Integral of an absolute value

Question

I am trying to evaluate the integral $$\int_{-1}^2 (x-2|x|)\,dx$$

I know that this should give me $x^2 /2 - x^2$ for the antiderivative.

I then evaluate at $2$ which gives me $2 - 4 = -2$

Then evaluate at $-1$ and get $\frac{1}{2} - 1 = -\frac{1}{2}$.

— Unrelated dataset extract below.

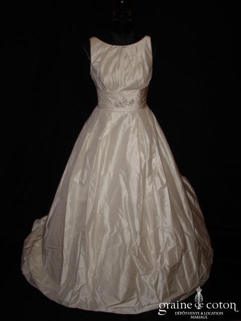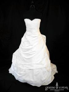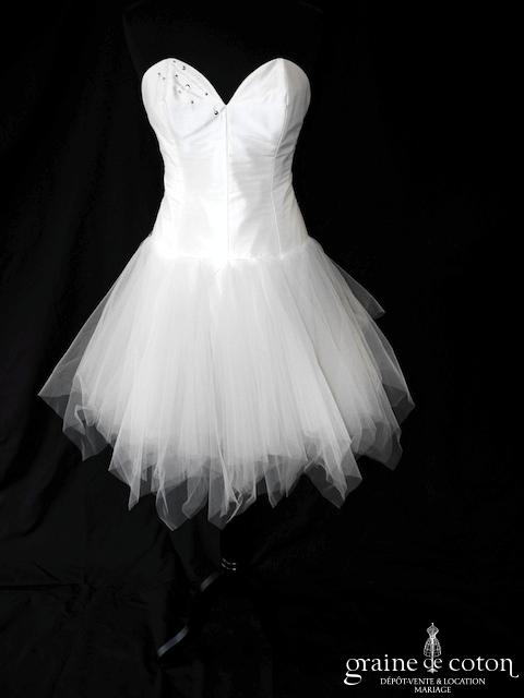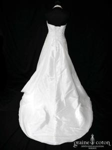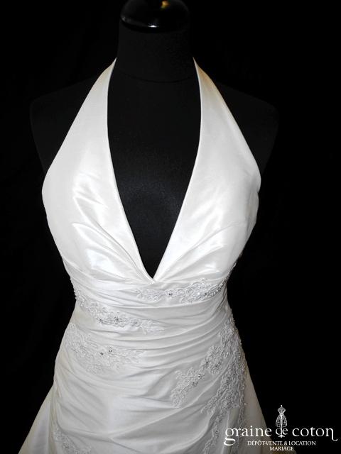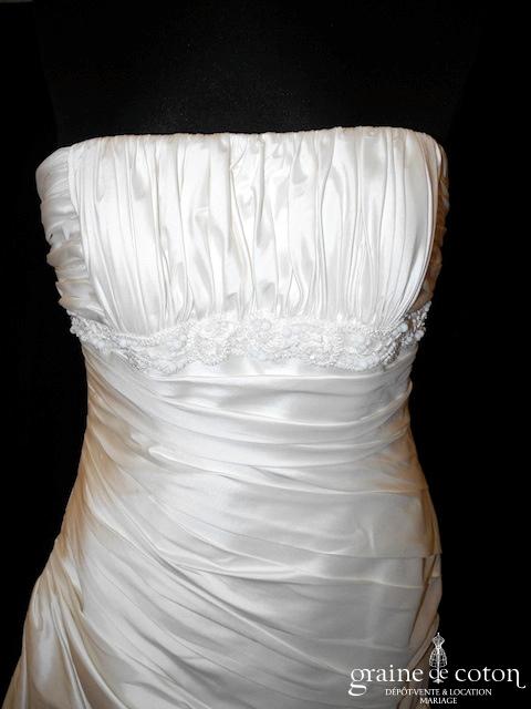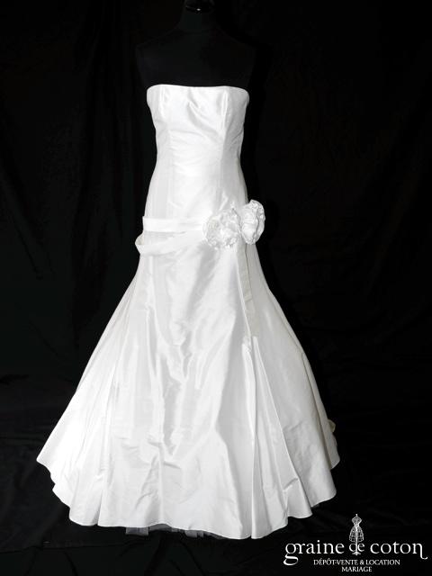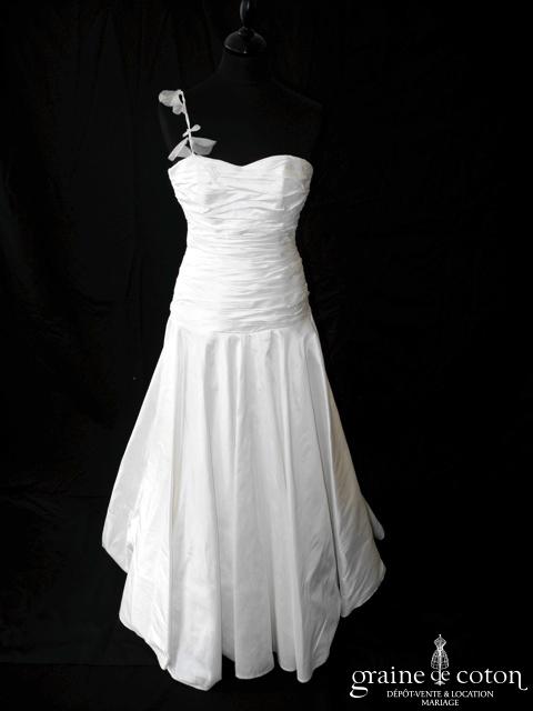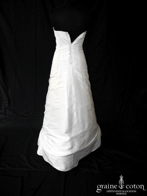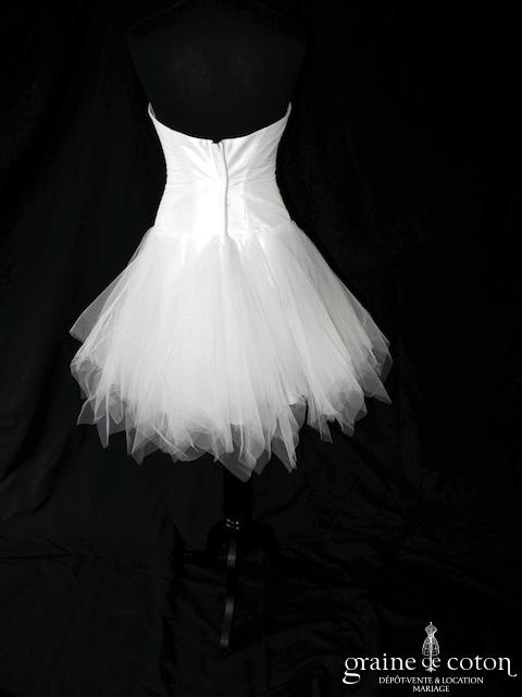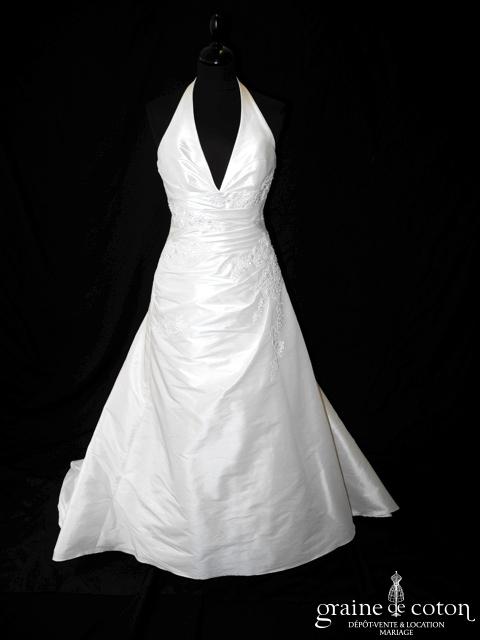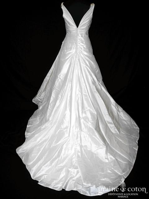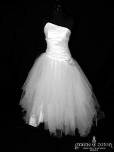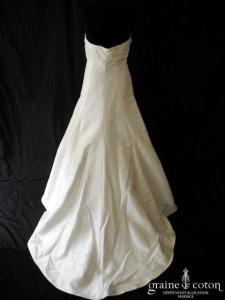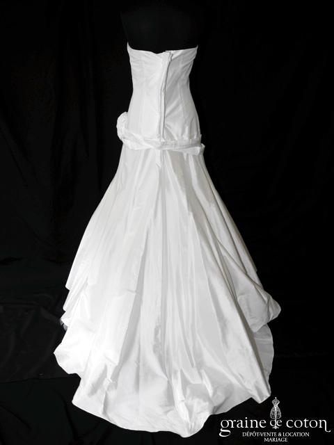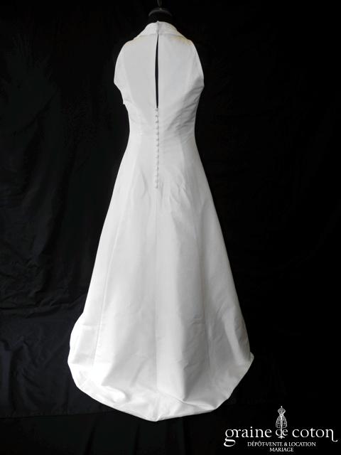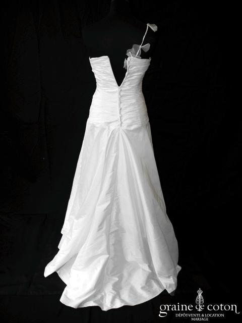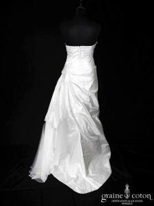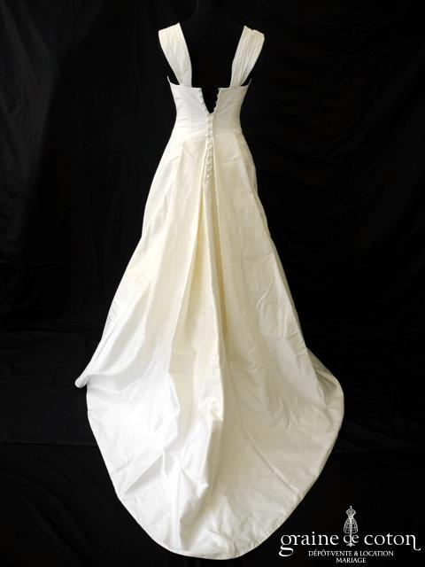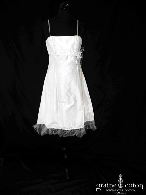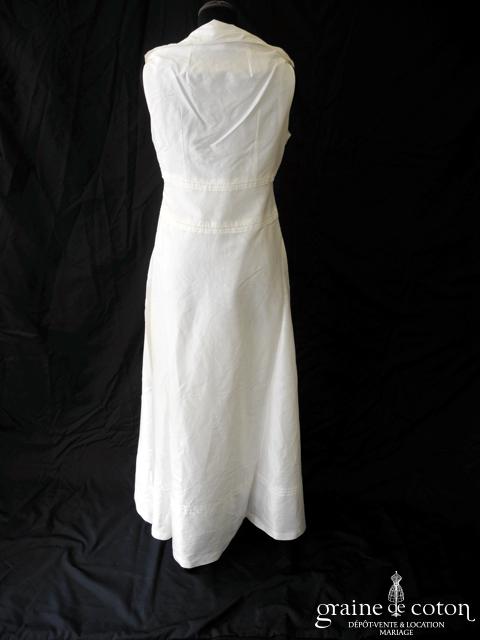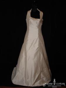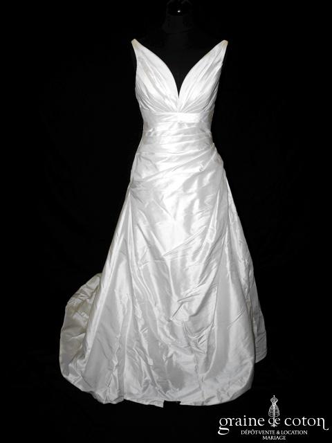 Robe une pièce en soie sauvage blanc drapée de tulle de soie ivoire. Bustier empire avec bretelles formant un décolleté en V, drapé à la taille. Jupe taille basse avec …

Then I find the difference $-2 - \frac{1}{2} = -2.5$

This is wrong and I do not know why.

Answer 1

You should consider splitting the integral at the point where $|x|$ changes from $-x$ to $+x$, namely at $x=0$. So $$ \int_{-1}^2(x-2|x|)dx = \int_{-1}^0(x-2(-x))dx + \int_0^{2}(x-2x)dx $$ $$ =3\int_{-1}^0 xdx -\int_0^2xdx $$

which are integrals you should be able to evaluate.

Answer 2

Hint

$$|x|=\begin{cases} -x, &x \le 0\\x. &x \ge 0\end{cases}$$

So, $$\begin{align}\int_{-1}^2|x|\; \mathrm{d} x&=\int_{-1}^0|x| \;\mathrm{d}x+\int_0^2|x| \;\mathrm{d}x\\&=?\end{align}$$